Не в силах больше ждать и беспокоиться, Като подкинула дров в очаг и, накрывшись овчиной, приготовилась ко сну. Она задумчиво следила, как языки пламени лижут сырые дрова, а те шипят и пенятся.

Внезапно кто-то толкнул дверь. Но та не поддалась, запертая на засов. Като вздрогнула. Неужели волки? В дверь заскреблись, и еще она услышала громкое мяуканье, каким кошка просит пустить ее со двора.

Улыбаясь до ушей, она в момент вскочила с нагретого местечка и бросилась отпирать дверь.

— Гард! — Като в последний момент подавила желание обнять и расцеловать кота, настолько ее извело ожидание. — Где ты был?

Густо припорошенный дорожной пылью вперемешку с песком, хлюпая по полу мокрыми лапами, Гард протиснулся в хижину. Он не притронулся ни к еде, ни к питью, с порога направившись на свое местечко у очага.

— Временами, Като, ты напоминаешь мне мою мать. Она тоже всегда лезла не в свое дело. — Гард говорил устало и раздраженно, это было ему настолько несвойственно, что Като опешила. — Продолжай в том же духе, и скоро ждать тебе будет некого.
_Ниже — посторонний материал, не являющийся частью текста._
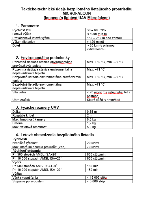 Bezpilotný lietajúci prostriedok MICROFALCON (Innocon´s lightest UAV Microfalcon) |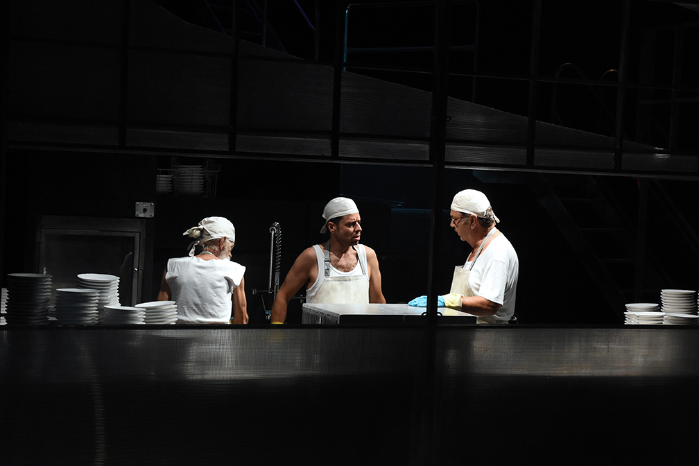 Τρεις άνδρες βρίσκονται στο υπόγειο ενός πανάκριβου εστιατορίου. Αθέατοι στον πάνω κόσμο που τους στέλνει τ’ άπλυτά του. Μπροστά τους, εντυπωσιακά ψηλές στοίβες πιάτων. Ο Ντρέσλερ, ο μεγαλύτερος, είναι ο τυραννικός σχεδόν προϊστάμενος λαντζέρης, για τον οποίο το πλύσιμο των πιάτων είναι τέχνη, καθήκον, αξιοπρέπεια. Ο Μος, ο καταπονημένος συνάδελφός του μοιάζει να ήταν εκεί πάντα και ο νεαρός Έμετ είναι ο “νέος” που μαθαίνει τη δουλειά. Ο Έμετ ήταν κάποτε πλούσιος, πελάτης του εστιατορίου, που τώρα έχει χάσει τα πάντα και βρίσκει στη δουλειά αυτή μια προσωρινή λύση. Προερχόμενοι από διαφορετικές κοινωνικές τάξεις και παγιδευμένοι σαν ήρωες του Μπέκετ σε μια ατέρμονη επαναληπτικότητα, σχεδόν σ’ ένα κενό χρόνου, οι ήρωες του Panych συζητούν για το νόημα της δουλειάς τους, για το νόημα της ίδιας της ζωής. Υπάρχει, ωστόσο, νόημα;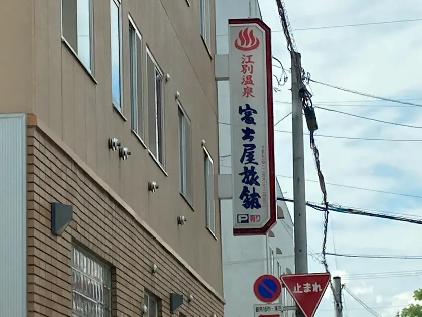 侘び寂び重視の「ブギウギ奥の細道お宿ルール」に基づき宿探し。情報収集のために駅に向かうと、江別駅近くに温泉マークを付けたお宿を発見!専務の交渉が成功「マルー!○」良かったネ(^^)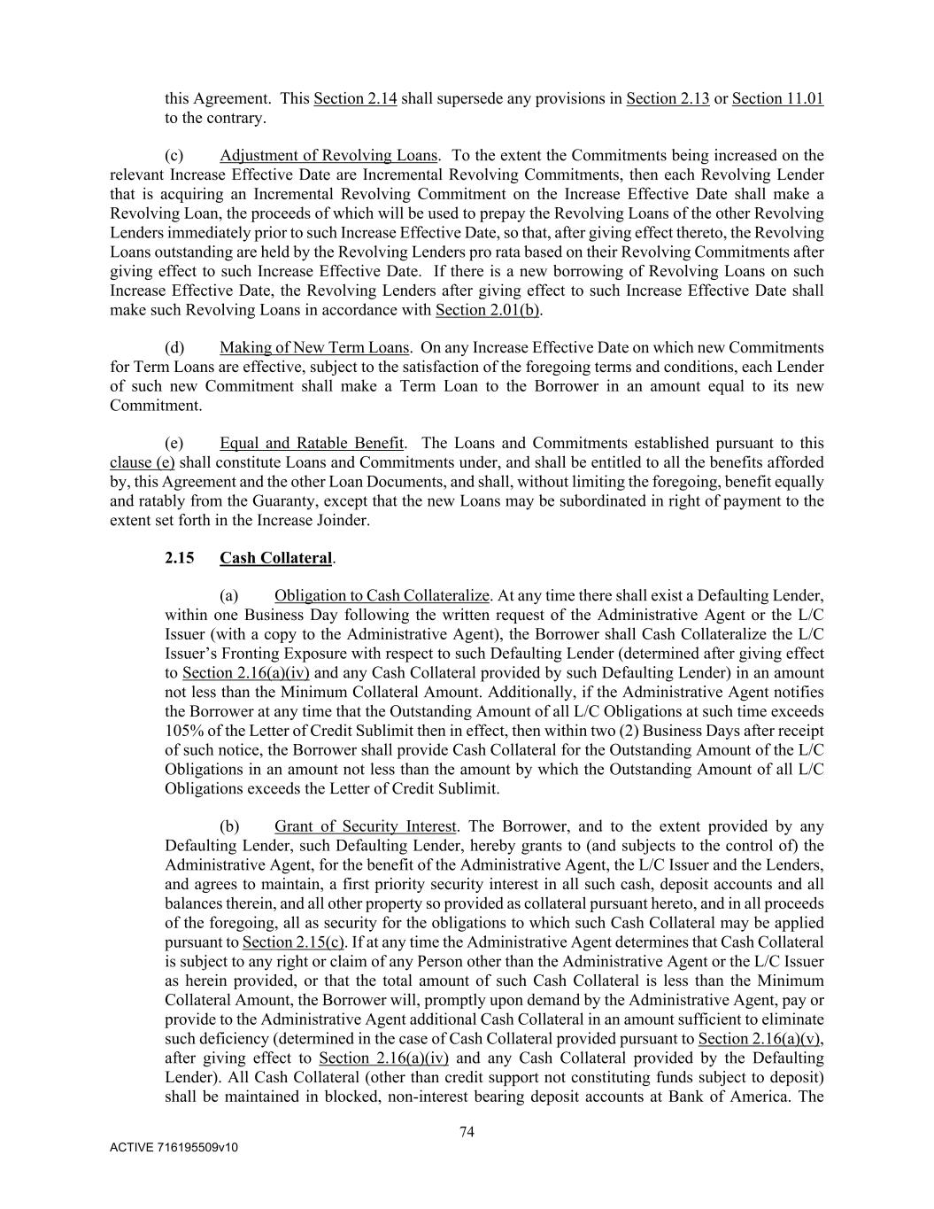74 ACTIVE 716195509v10 this Agreement. This Section 2.14 shall supersede any provisions in Section 2.13 or Section 11.01 to the contrary. (c) Adjustment of Revolving Loans. To the extent the Commitments being increased on the relevant Increase Effective Date are Incremental Revolving Commitments, then each Revolving Lender that is acquiring an Incremental Revolving Commitment on the Increase Effective Date shall make a Revolving Loan, the proceeds of which will be used to prepay the Revolving Loans of the other Revolving Lenders immediately prior to such Increase Effective Date, so that, after giving effect thereto, the Revolving Loans outstanding are held by the Revolving Lenders pro rata based on their Revolving Commitments after giving effect to such Increase Effective Date. If there is a new borrowing of Revolving Loans on such Increase Effective Date, the Revolving Lenders after giving effect to such Increase Effective Date shall make such Revolving Loans in accordance with Section 2.01(b). (d) Making of New Term Loans. On any Increase Effective Date on which new Commitments for Term Loans are effective, subject to the satisfaction of the foregoing terms and conditions, each Lender of such new Commitment shall make a Term Loan to the Borrower in an amount equal to its new Commitment. (e) Equal and Ratable Benefit. The Loans and Commitments established pursuant to this clause (e) shall constitute Loans and Commitments under, and shall be entitled to all the benefits afforded by, this Agreement and the other Loan Documents, and shall, without limiting the foregoing, benefit equally and ratably from the Guaranty, except that the new Loans may be subordinated in right of payment to the extent set forth in the Increase Joinder. 2.15 Cash Collateral. (a) Obligation to Cash Collateralize. At any time there shall exist a Defaulting Lender, within one Business Day following the written request of the Administrative Agent or the L/C Issuer (with a copy to the Administrative Agent), the Borrower shall Cash Collateralize the L/C Issuer’s Fronting Exposure with respect to such Defaulting Lender (determined after giving effect to Section 2.16(a)(iv) and any Cash Collateral provided by such Defaulting Lender) in an amount not less than the Minimum Collateral Amount. Additionally, if the Administrative Agent notifies the Borrower at any time that the Outstanding Amount of all L/C Obligations at such time exceeds 105% of the Letter of Credit Sublimit then in effect, then within two (2) Business Days after receipt of such notice, the Borrower shall provide Cash Collateral for the Outstanding Amount of the L/C Obligations in an amount not less than the amount by which the Outstanding Amount of all L/C Obligations exceeds the Letter of Credit Sublimit. (b) Grant of Security Interest. The Borrower, and to the extent provided by any Defaulting Lender, such Defaulting Lender, hereby grants to (and subjects to the control of) the Administrative Agent, for the benefit of the Administrative Agent, the L/C Issuer and the Lenders, and agrees to maintain, a first priority security interest in all such cash, deposit accounts and all balances therein, and all other property so provided as collateral pursuant hereto, and in all proceeds of the foregoing, all as security for the obligations to which such Cash Collateral may be applied pursuant to Section 2.15(c). If at any time the Administrative Agent determines that Cash Collateral is subject to any right or claim of any Person other than the Administrative Agent or the L/C Issuer as herein provided, or that the total amount of such Cash Collateral is less than the Minimum Collateral Amount, the Borrower will, promptly upon demand by the Administrative Agent, pay or provide to the Administrative Agent additional Cash Collateral in an amount sufficient to eliminate such deficiency (determined in the case of Cash Collateral provided pursuant to Section 2.16(a)(v), after giving effect to Section 2.16(a)(iv) and any Cash Collateral provided by the Defaulting Lender). All Cash Collateral (other than credit support not constituting funds subject to deposit) shall be maintained in blocked, non-interest bearing deposit accounts at Bank of America. The
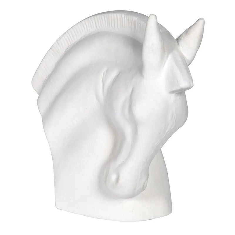 White Horse Head sculpture is crafted from sturdy resin and is ideal for any room. It features a realistic design with accurate details and measurements of 36cm high, 37cm wide and 15.5cm deep. Its elongated neck makes an eye-catching statement, while its neutral colour scheme ensures it matches any existing decor. Perfect for the home or office.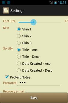 - Sort notes according to their titles or entry date (Ascending or descending).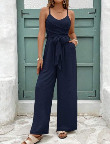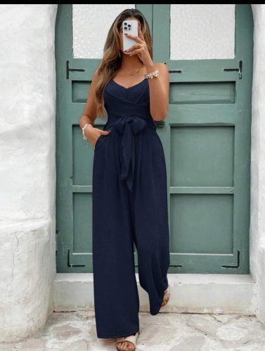 • Kadın ip askılı v yakalı belden kuşaklı uzun aerobin tulum

— Я уже думала, что ты пропал насовсем, что тебя загрызли волколаки!

— А если бы ты знала, где я, и что со мной, ты бы вовремя успела выбежать и — Пиу! Пиу! — перестреляла бы своих выдуманных волколаков?

Гард впервые, за все время их знакомства, повысил на нее голос. Изредка его потряхивало, будто судорогой, и на лапах непроизвольно появлялись острые, как кинжалы, когти.

— Если бы я знала, что с тобой все в порядке, я бы меньше беспокоилась. — Като снова заперла дверь на засов и вернулась в кровать, затушив по пути свечу. — У тебя все время сплошные недомолвки, ты все время что-то скрываешь.